Ирина Каспэ - Искусство отсутствовать: Незамеченное поколение русской литературы
Пожелтевшие страницы эмигрантских журналов способны подарить пытливому читателю неповторимые ощущения — время от времени он обнаруживает, что опубликованные более полувека назад тексты обращены непосредственно к нему. «Грядущий историк» — едва ли не самая распространенная адресная инстанция окололитературной публицистики 1930-х и написанных после Второй мировой войны мемуаров.
Фразы, преисполненные надежд на грядущего историка, становятся удачными эпиграфами — так, Елена Чинаева предпосылает своей монографии четверостишье Юрия Терапиано:
Печальную повесть изгнанья,Быть может, напишут потом,А мы под дождя дребезжаньеВ промокшей земле подождем[86].
Эта риторика легко воспроизводится в послесловиях — так, Вячеслав Костиков в завершение рассказа о «путях и судьбах русской эмиграции» замечает: «Когда-нибудь — и, вероятно, не в очень отдаленном будущем — о русской эмиграции будет написана большая, обстоятельная книга, та самая „золотая книга“ русской эмиграции, о которой мечтал Георгий Адамович. Для этого потребуется труд многих авторов, ибо исчерпать одному этот трагический колодец памяти нет ни возможности, ни сил»[87].

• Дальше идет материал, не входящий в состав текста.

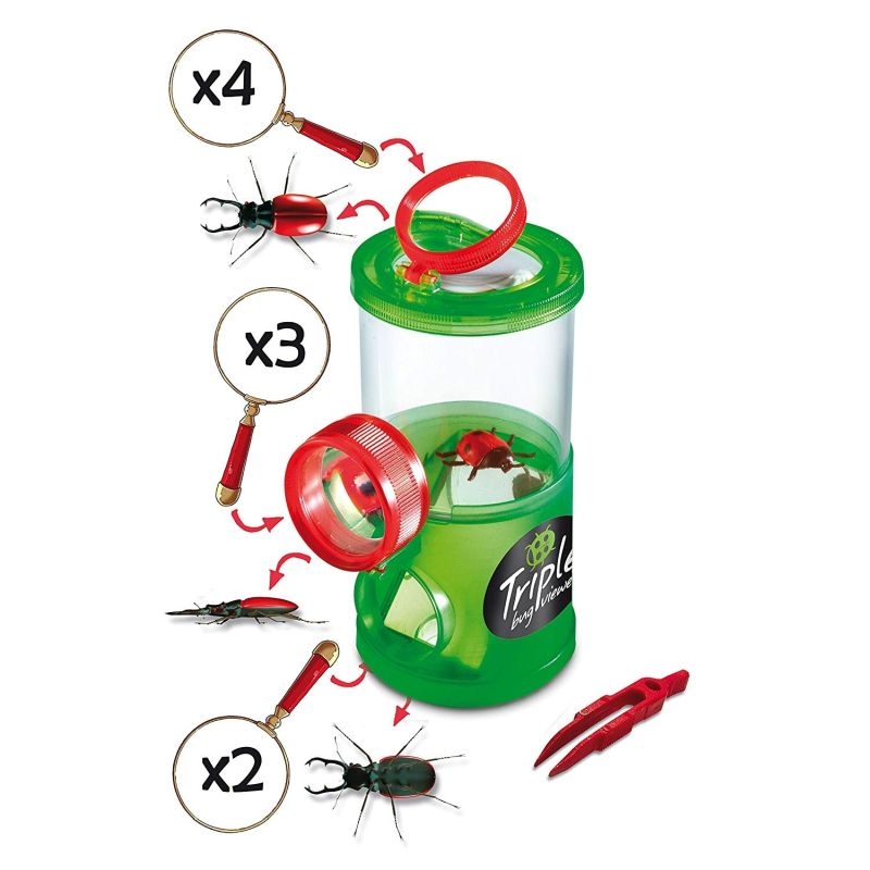Περιλαμβάνει: Μεγεθυντικό φακό, μικροσκόπιο, τριπλό εντομοσκόπιο και λαβίδα.
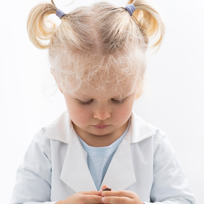 در سنین ۲ تا ۳ سالگی: اولین علائم بیماری ظاهر می‌شود. پوست چروکیده، رشد غیرطبیعی، ریزش مو و کاهش رشد در این سن به وضوح قابل مشاهده هستند.
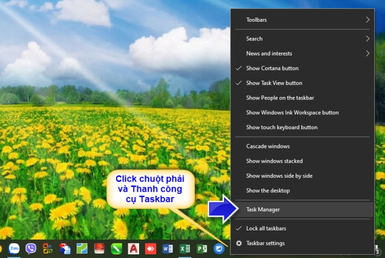– Bạn Click chuột phải tại thanh Taskbar > và chọn Task Manager như hình H.2
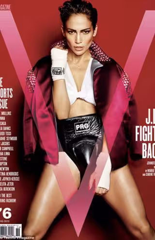 Y sigue estando sexy. Aunque no sea en el estado habitual al que estamos acostumbrados a verla, la cantante y actriz no ha perdido ni un ápice de su sex appeal. Y es que, para la portada de la revista V, J.Lo se ha enfundado los guantes de boxeo y ha sacado a pasear su lado más varonil.
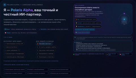 Кроме того, у Polaris Alpha визуальный стиль похож на стиль GPT-5. Вот что модель выдала на запрос «Создай одноэкранный html-файл со своей презентацией»:
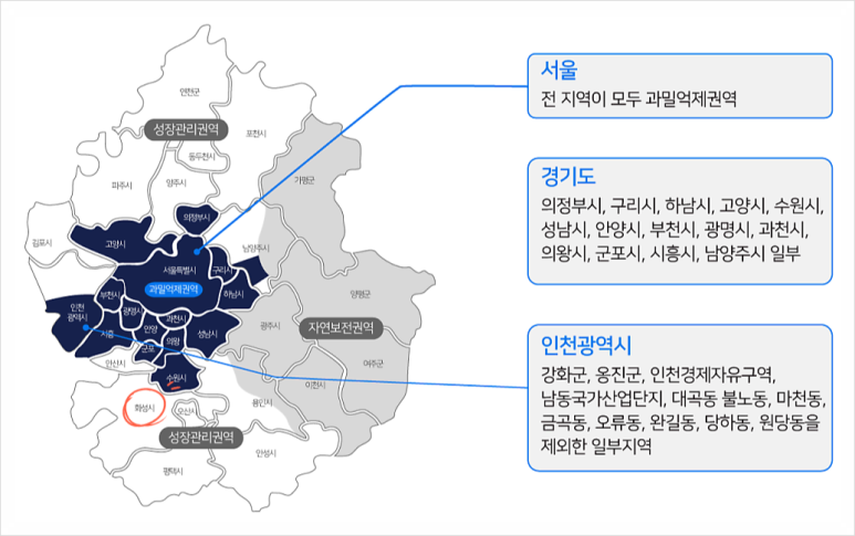 수도권 과밀억제권역이란 수도권정비계획법에 따라 인구와 산업이 지나치게 집중되었거나 집중될 우려가 있어 인구와 산업을 이전하거나 정비할 필요가 있는 지역인데요.
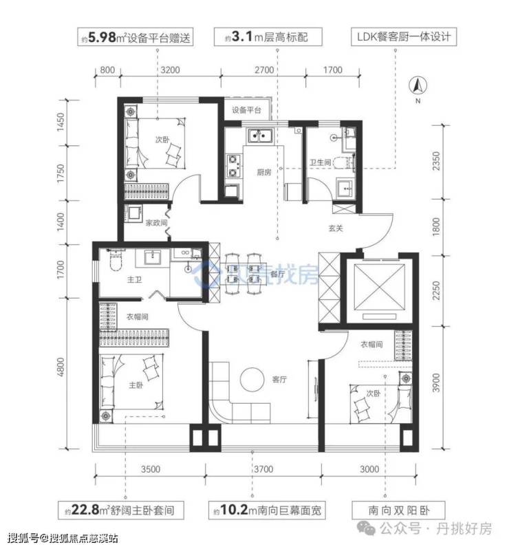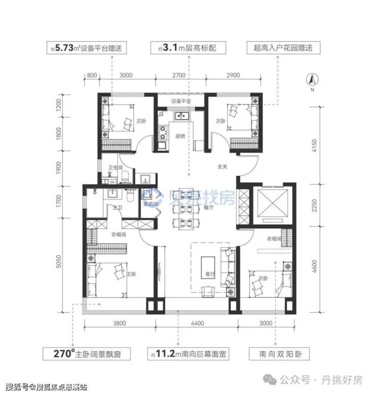 新规产品赠送约10平,南向卧室客厅落地窗,全明通透。
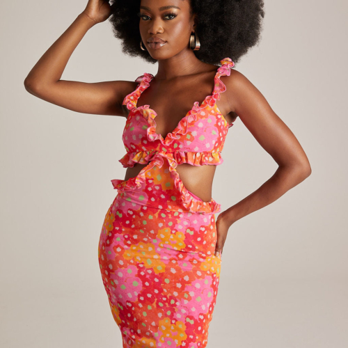 Cut out ruffle detailed maxi dress in our oh so yummy bubblegum print. The enitan dress looks good enough to eat and it feels just as good too. Model is 5ft9 and wears a UK 8 / US 4 In a non stretch georgette fabric in our custom bubblegum print.
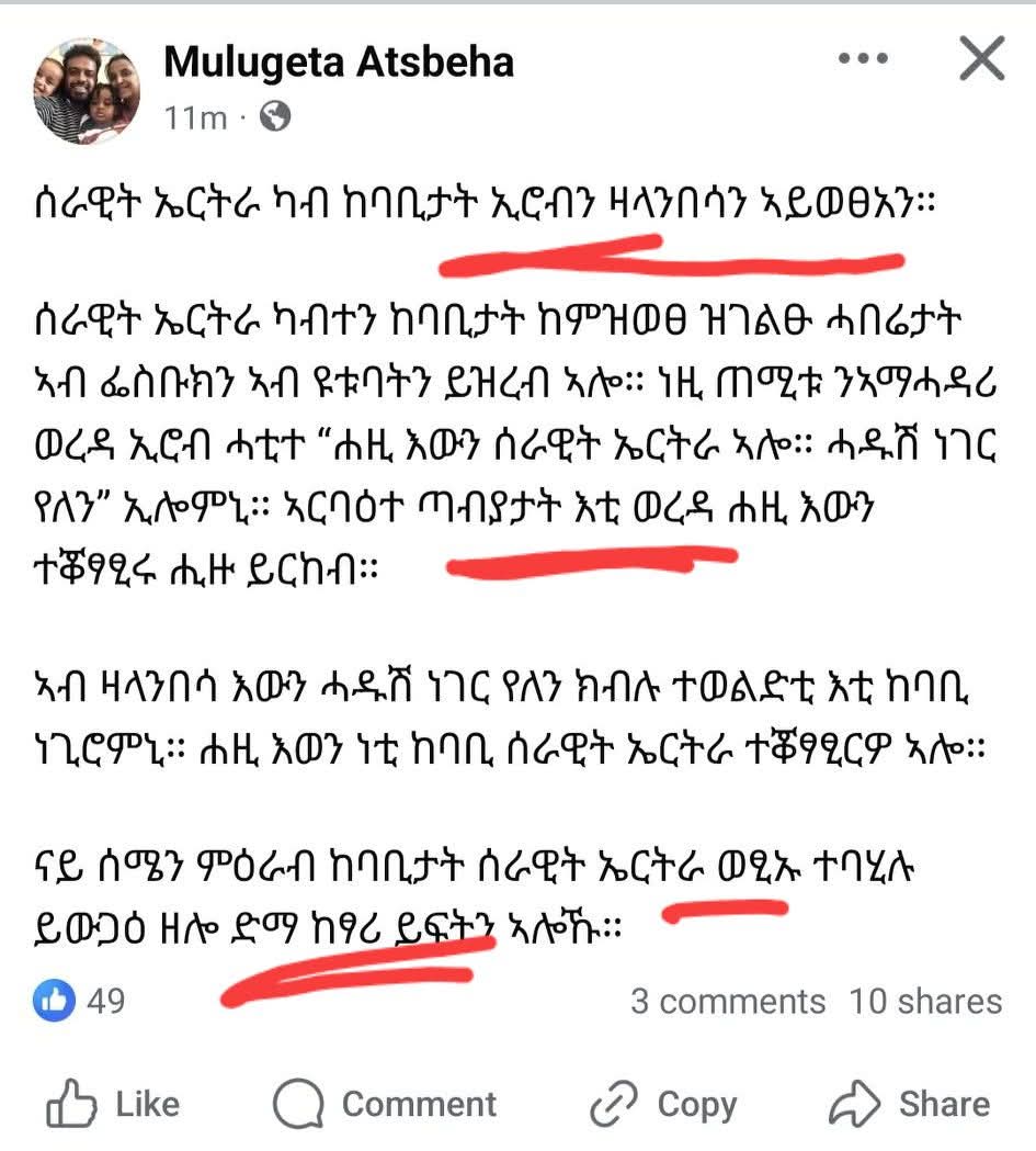 “Eritrean forces have not withdrawn from Irob or Zalambessa.Claims on Facebook and YouTube suggesting a pullback are baseless.
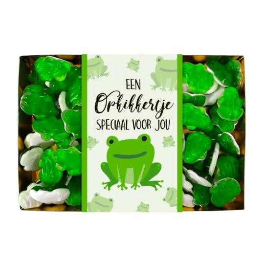 Stuur nu een lekkere snoep kikkertjes in een vrolijke brievenbusdoos en mooie wikkel met opdruk naar keuze.

Замысел капитального каталога, исчерпывающей Книги, с одной стороны, и признание неисчерпаемости темы, определение собственного труда как пробного опыта, первого подхода, с другой — характерный способ говорить об эмигрантской литературе.

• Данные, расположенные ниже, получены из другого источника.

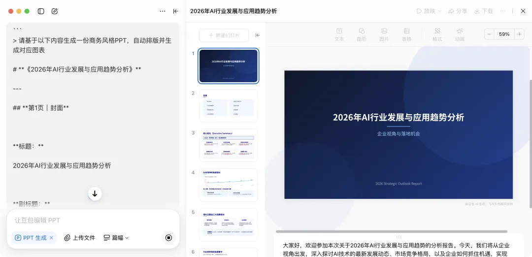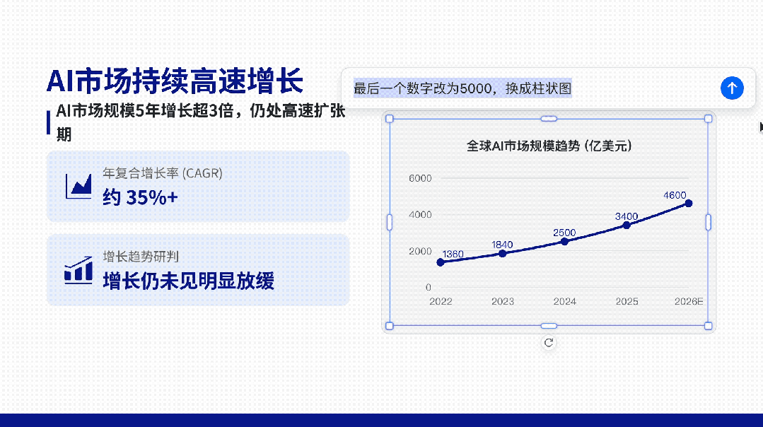 修改图表数据,替换图表类型。可以看到指令遵循是不错的,修改完全符合要求。如果要说缺点的话,就是这里生成的图表只能在豆包上 AI 编辑,导出到 PPT 之后是图片。(仅图表是图片,其他都可以编辑)
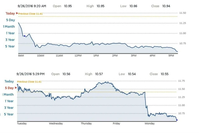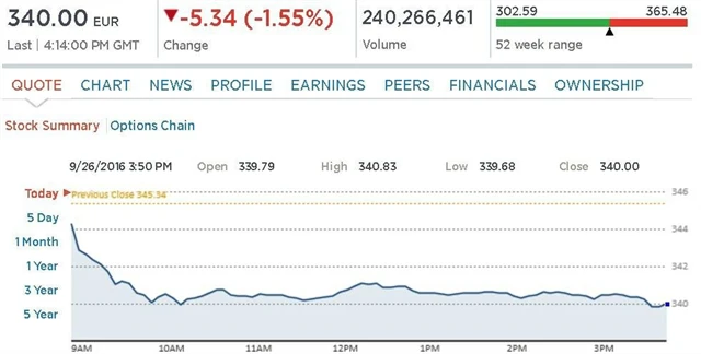 Nejdramatičtější propad zaznamenala v pondělí Deutsche Bank, jejíž akcie začaly výrazně klesat poté, co německý časopis Focus přinesl zprávu, že německá kancléřka Angela Merkelová vyloučila státní pomoc největšímu komerčnímu finančnímu ústavu své země. Kancléřství poté tuto zprávu dementovalo, škoda už ale byla na světě. Akcie Deutsche Bank ztratily 7,5 %, a spadly tak na své nové historické minimum.

Между тем первая «большая и обстоятельная» книга на эту тему была написана не «грядущим ученым», а участником литературной жизни послереволюционного эмигрантского сообщества — в 1956 году в Нью-Йорке вышла «Русская литература в изгнании» Глеба Струве. Здесь необходимо сделать еще одну методологическую оговорку, по всей видимости, последнюю. «Незамеченное поколение» Варшавского появляется в том же 1956 году, «Одиночество и свобода» Адамовича — только на год раньше, «Поля Елисейские» Яновского — много позднее, в 1983-м. Понятно, что в данном случае грань между основными источниками и «литературой вопроса» особенно условна. Для нас здесь определяющую роль будет играть не «полнота изложения», не «доказательность», иными словами, не критерии «научного» или «критического» языка (которые сами по себе проблематичны), а модальность высказывания — значимость авторского «я», выясняющего отношения с воссоздаваемым коллективным образом эмигрантской литературы. Под выяснением отношений, конечно, подразумевается не только идентификация с когортой «молодых» или «незамеченных» литераторов, но и противопоставление себя этому коллективному образу — так, статьи и воспоминания, в которых Зинаида Шаховская активно отрицает собственную принадлежность «незамеченному поколению», будут рассматриваться в следующих главах, вместе с основными источниками, в то время как книга Струве, практически лишенная личных местоимений, подчеркнуто дистанцированная от описываемых литературных событий, — вместе с исследованиями «грядущих историков».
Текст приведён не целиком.